YOUR GOAL: What's needed is an exact retyping of the lines from the start of the listing up to and including the line with "According to the", minus any pictures.

DATA EXCERPT:
○ ○ ○ ○ ○ ○ ○

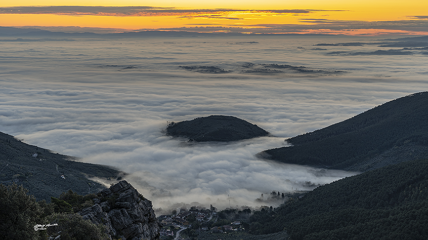 Non è il tramonto ma è l'alba. Alzata molto presto e piccola intuizione di andare in questo luogo ad una altezza di circa 600 mt per riprendere questa meravigliosa vallata.che si può apprezzare con tanta nebbia..
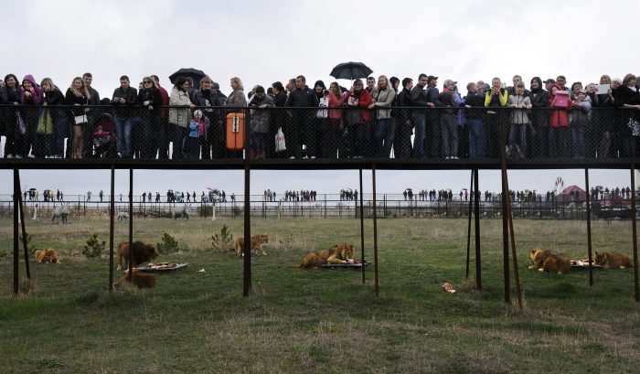 According to the park’s website, it holds about 60 lions in its more than 30 hectares (75 acres). About 1 kilometer (0.6 miles) of elevated walkways allow visitors to observe lions roaming freely.
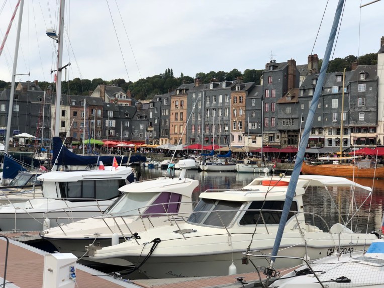 And now we’re in Honfleur, a very pretty big-ish French town with a port. Well to be precise… we are 40 minutes walk from Honfleur, under the motorway that bypasses Honfleur and beside a small French town called La Riviere-Saint-Sauveur. If that’s a mouthful for you, you’ll understand why I fell asleep when we got here. I think I was tired. By 8pm I was drinking tea, reading a book with my favourite quilt around me and I was ready to go back to bed.

○ ○ ○ ○ ○ ○ ○

YOUR SOLUTION:
 Non è il tramonto ma è l'alba. Alzata molto presto e piccola intuizione di andare in questo luogo ad una altezza di circa 600 mt per riprendere questa meravigliosa vallata.che si può apprezzare con tanta nebbia..
 According to the park’s website, it holds about 60 lions in its more than 30 hectares (75 acres). About 1 kilometer (0.6 miles) of elevated walkways allow visitors to observe lions roaming freely.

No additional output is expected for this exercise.